What is needed | Return only the lines running from the one that contains "名 称: | 霍邱县2025年第28批次村庄建设用地(农转用方案) |" through the end of the entries, exactly, both ends included. Omit pictures.

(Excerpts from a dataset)

[Start of section]

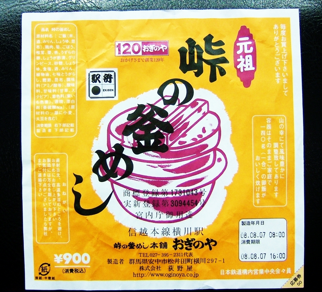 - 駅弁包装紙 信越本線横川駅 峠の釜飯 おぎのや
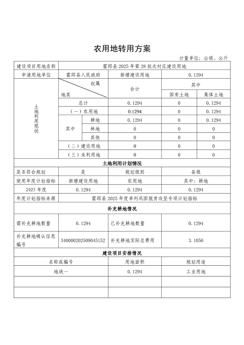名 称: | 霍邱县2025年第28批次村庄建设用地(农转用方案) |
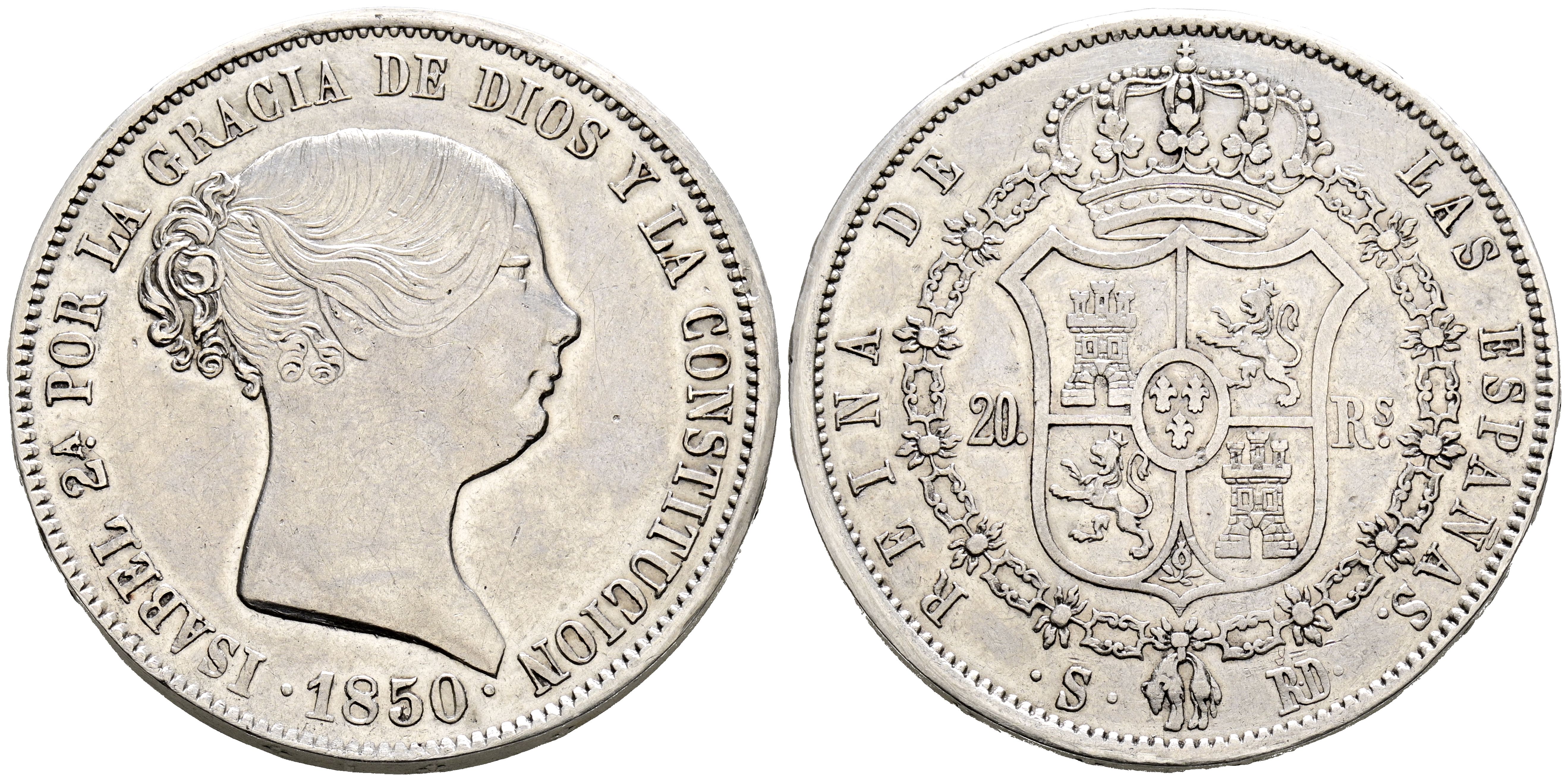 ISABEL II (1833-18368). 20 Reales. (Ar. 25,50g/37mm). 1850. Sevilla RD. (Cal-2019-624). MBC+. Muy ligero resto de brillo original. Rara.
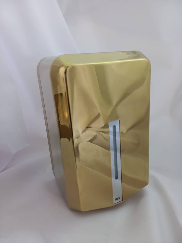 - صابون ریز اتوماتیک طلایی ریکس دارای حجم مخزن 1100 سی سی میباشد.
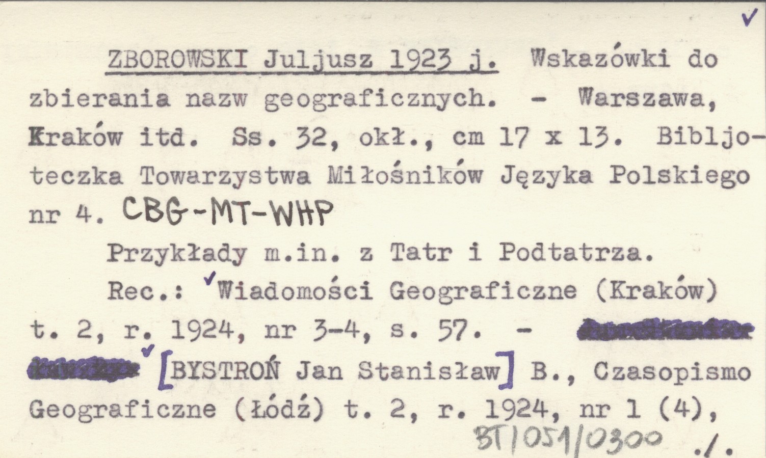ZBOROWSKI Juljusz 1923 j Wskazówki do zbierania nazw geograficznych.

[End of section]

Result of this exercise |
名 称: | 霍邱县2025年第28批次村庄建设用地(农转用方案) |
 ISABEL II (1833-18368). 20 Reales. (Ar. 25,50g/37mm). 1850. Sevilla RD. (Cal-2019-624). MBC+. Muy ligero resto de brillo original. Rara.
 - صابون ریز اتوماتیک طلایی ریکس دارای حجم مخزن 1100 سی سی میباشد.
ZBOROWSKI Juljusz 1923 j Wskazówki do zbierania nazw geograficznych.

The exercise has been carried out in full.